I finished Lord of the Rings recently and the Hobbit soon after and I have to admit that I have reassessed my opinion of Tolkien and his universe.
I read the books when I was a teenager and was unimpressed by the extraordinary length of the paragraphs. Tolkien loved words and language and he used them a lot. And for a teenager who cut his fantasy teeth on Robert E. Howard
and Fritz Leiber, it was a bit much. I pretty much skipped to the action sequences like a soccer mom sitting on the couch with a copy of Fifty Shades and skimmed the rest.
Fast forward to the eternal now and my interest in things medieval and especially viking in nature has been rekindled by Skyrim. The art and design and obvious Celtic, Viking and Saxon influence had me digging out my copies of Beowulf. I browsed and read and found a forward that mentioned Tolkien and his love of Beowulf. As a matter of fact, he wrote an essay in defense of the poem as a literary achievement and a work of art. He would even dress in armor and recite the poem's intro in the original old english when he was teaching class on the subject.
That got me to thinking about old english. At one time I had a goal of reading Beowulf in the original old english but, like many of my lofty ambitions, it fell to wayside as life happened. But now my interest is rekindled and I found a handy guide
with accompanying CD's that may actually have me on my way to at least reading the language.
Now somewhere in all of that I was making connections to Middle Earth and Saxon and Viking history (for instance, not many are aware that there was a historical Gandalf). I think it was on a "if you like this, then try..." website or article that I found The Saxon Chronicles Series of books by Bernard Cornwell which is historical fiction that covers the time of Alfred.
Now I am hard on writers. I demand lot and tolerate little. I say that and I will tell you that Bernard Cornwell is a solid storyteller and you should own every thing he writes.

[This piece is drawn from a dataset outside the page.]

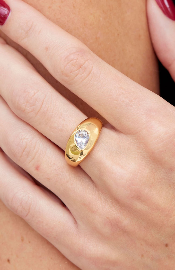Made with 18K gold plating and a white CZ stone. The ring weighs approximately 3 grams.

Piss poor writers
are a dime a dozen these days and solid writers that weave a story that makes you forget the time and stay up way too late are far too rare. I would buy every book he has written but he's rather prolific and I'm an artist of the underfed variety and so the responsibility falls to you, gentle reader, to buy every book this man has ever written.

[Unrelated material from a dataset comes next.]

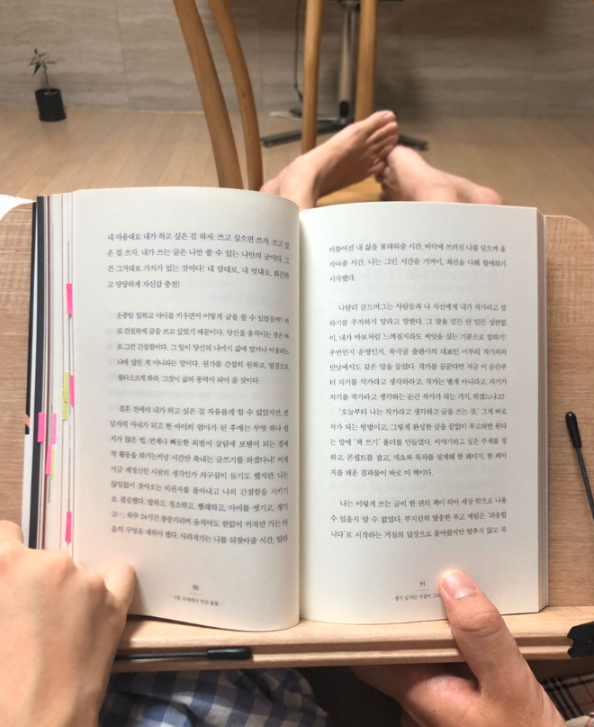 토요일 오전, 인견 잠옷 사이로 들어오는 시원한 선풍기 바람을 느끼며 책을 읽는 이 평화로운 순간은 우리에게 얼마 남지 않은 시간임을 안다. 이 순간을 마음껏 누리고, 마음껏 감사할 작정이다.

Anyway, the Saxon Chronicles covers the time period when old english was in its prime and so the aforementioned handy guide was coming in very handy as a guide for the pronunciation of proper nouns within the stories. I also stumbled onto a mod for Medieval 2: Total War that actually converts the entire game into a semi-historical representation of the era in question. The game was cheap and the mod was free so I loaded it up and spent a day or two fighting rebel Saxons and Vikings and reaching for my old english language books so I could curse at my computer driven opponents in the appropriate language. I recognized place names and unit types and I may need to read Cornwell's chronicles again now that I have an appreciation of the geography and the costumes of the time. And, after playing Wessex, I have all manner of respect for Alfred the Great. Raiding Danes by sea and land and petty lords nipping at his heels and yet he basically created Britain. I'm on the hunt for a worthy biography of the man to learn more.
So I'm reading the Chronicles, playing the game, butchering the language and beating up Wikipedia for historical information. And Tolkien's name keeps coming up. Tolkien was a fan of Norse and Germanic myths and they had an influence on the Lord of the Rings. Some reports suggest the created the saga to bolster the missing myths of the English people. The connections to the material I was researching were solid and worthy of attention.
But as I said, I've always held Tolkien and his mythos at arms length, leaning more towards the heroic fantasies, the Heavy Metal
style of sword and sorcery with spraying blood and nearly naked wenches. I have always given Tolkien his due as the godfather of modern fantasy. His influence or even birthing of a genre cannot be contested. But nearly naked wenches have won me over and held my loyalty more times than I care to admit.
But I even hold Peter Jackson's movies
to be in my top five movies of all time. That's three slots out of five. But I could argue that the movies, with all there coolness, were a bit soft. A bit chewy even. Certain characters exhibited a lack of commitment to an obvious cause. It annoyed me. The wrath of the Balrog, the defense of Helm's Deep and the charge of the Rohirrim more that made up for these minor annoyances. But still, to a certain extent, the movies made my point about the differences between Tolkienesque fantasy and heroic fantasy.
So here I stood, some years later, rethinking my stance as I picked up a version of the The Lord of the Rings
that had all three books in one volume. With all the bad-assery present in all the media I was absorbing as of late that covered the Saxons and Vikings and such, had I missed something in the saga written by the champion of early Saxon literature?
So I began to read. And I read a lot. And I read some more. I did skimmed the appendices mostly because, at that point, I wanted to move on to The Hobbit. I finished it a bit faster and now I stand on the other side of an epic literary journey and looking back I realize I was right about a few things and wrong about the rest but I don't think I'll bore said gentle reader with my analysis. Suffice to say that my opinion of the movies has not lessened but if you forced me to choose between the extended versions of the movies and the books, at this point, I would choose the books.
I'm curious to see what Jackson will do with The Hobbit and I'll try to keep an open mind but I think it's dissolving in a CGI quagmire at a whopping 48 frames per second. He's tapping the appendices for material but honestly that stuff is in the appendices for a reason. So maybe I'm skeptical. But we'll see.
Besides. I can always go back and read the books.